Copies data (and optionally schema) from one database to another.
Supports SQLite, PostgreSQL, MySQL, SQL Server, and Oracle.

Example usage::

    from sqlpyhelper.db_helper import SQLPyHelper
    from sqlpyhelper.migration import migrate_table

    with SQLPyHelper(db_type="sqlite", database="local.db") as source:
        with SQLPyHelper(db_type="postgres", host="localhost",
                         user="user", password="pass",
                         database="mydb") as target:

            migrate_table(
                source=source,
                target=target,
                table="users",
            )
"""

import logging
from typing import Any, Dict, List, Optional, Tuple

logger = logging.getLogger("sqlpyhelper.migration")



[docs]
class MigrationError(Exception):
    """Raised when a migration operation fails."""

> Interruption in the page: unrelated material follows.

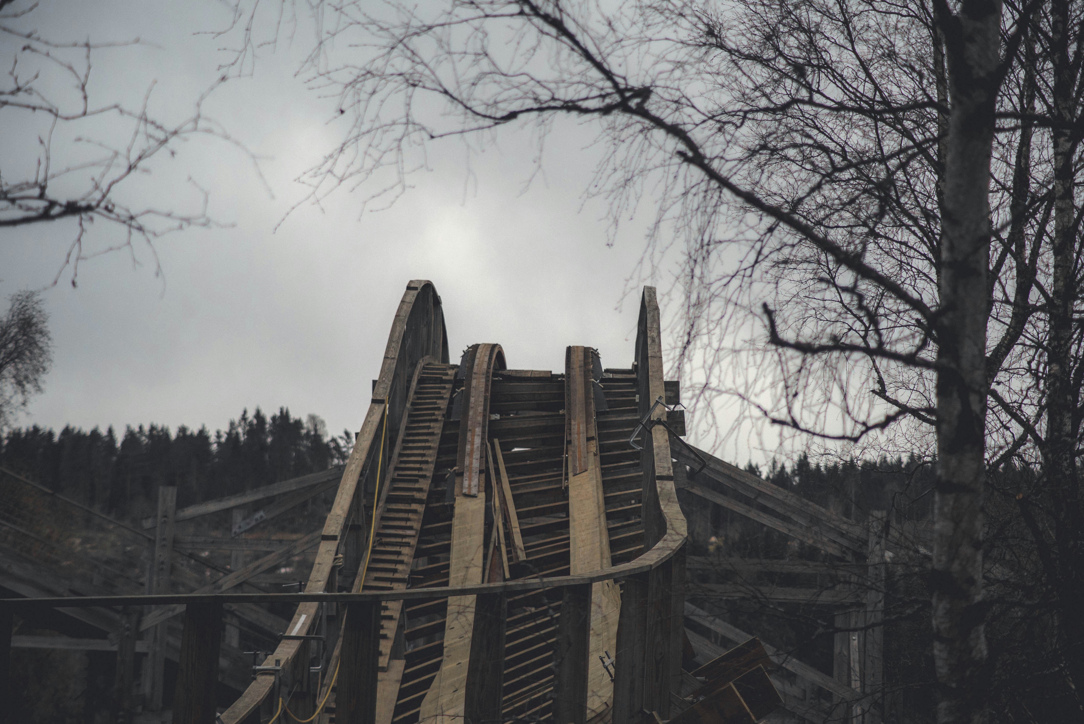 6. Brown Wooden Foot Bridge Rollercoaster Teams Background

# ---------------------------------------------------------------------------
# Type mapping
# ---------------------------------------------------------------------------

# Maps (source_db_type, generic_type) -> target SQL type string.
# Generic types are normalised from the source cursor description.


_TYPE_MAP: Dict[str, Dict[str, str]] = {
    "sqlite": {
        "integer": "INTEGER",
        "real": "REAL",
        "text": "TEXT",
        "blob": "BLOB",
        "numeric": "NUMERIC",
    },
    "postgres": {
        "integer": "INTEGER",
        "real": "DOUBLE PRECISION",
        "text": "TEXT",
        "blob": "BYTEA",
        "numeric": "NUMERIC",
        "varchar": "TEXT",
        "bool": "BOOLEAN",
        "date": "DATE",
        "timestamp": "TIMESTAMP",
    },
    "mysql": {
        "integer": "INT",
        "real": "DOUBLE",
        "text": "TEXT",
        "blob": "BLOB",
        "numeric": "DECIMAL",
        "varchar": "VARCHAR(255)",
        "bool": "TINYINT(1)",
        "date": "DATE",
        "timestamp": "DATETIME",
    },
    "sqlserver": {
        "integer": "INT",
        "real": "FLOAT",
        "text": "NVARCHAR(MAX)",
        "blob": "VARBINARY(MAX)",
        "numeric": "DECIMAL",
        "varchar": "NVARCHAR(255)",
        "bool": "BIT",
        "date": "DATE",
        "timestamp": "DATETIME2",
    },
    "oracle": {
        "integer": "NUMBER",
        "real": "FLOAT",
        "text": "CLOB",
        "blob": "BLOB",
        "numeric": "NUMBER",
        "varchar": "VARCHAR2(255)",
        "bool": "NUMBER(1)",
        "date": "DATE",
        "timestamp": "TIMESTAMP",
    },
}


def _normalise_type(raw_type: Optional[str]) -> str:
    """
    Normalise a raw column type string from a cursor description
    into a generic type key used for cross-database mapping.
    """
    if raw_type is None:
        return "text"
    t = raw_type.lower().split("(")[0].strip()
    if t in (
        "int",
        "integer",
        "int4",
        "int8",
        "bigint",
        "smallint",
        "tinyint",
        "number",
    ):
        return "integer"
    if t in ("real", "float", "double", "double precision", "float4", "float8"):
        return "real"
    if t in (
        "text",
        "clob",
        "nvarchar",
        "nvarchar2",
        "ntext",
        "longtext",
        "mediumtext",
    ):
        return "text"
    if t in ("varchar", "varchar2", "character varying", "char", "nchar"):
        return "varchar"
    if t in ("blob", "bytea", "varbinary", "binary", "longblob", "mediumblob"):
        return "blob"
    if t in ("numeric", "decimal"):
        return "numeric"
    if t in ("bool", "boolean"):
        return "bool"
    if t in ("date",):
        return "date"
    if t in ("timestamp", "datetime", "datetime2", "timestamp without time zone"):
        return "timestamp"
    return "text"  # safe fallback


def _map_type(raw_type: Optional[str], target_db: str) -> str:
    """Map a source column type to the appropriate type for the target database."""
    generic = _normalise_type(raw_type)
    target_types = _TYPE_MAP.get(target_db, _TYPE_MAP["sqlite"])
    return target_types.get(generic, "TEXT")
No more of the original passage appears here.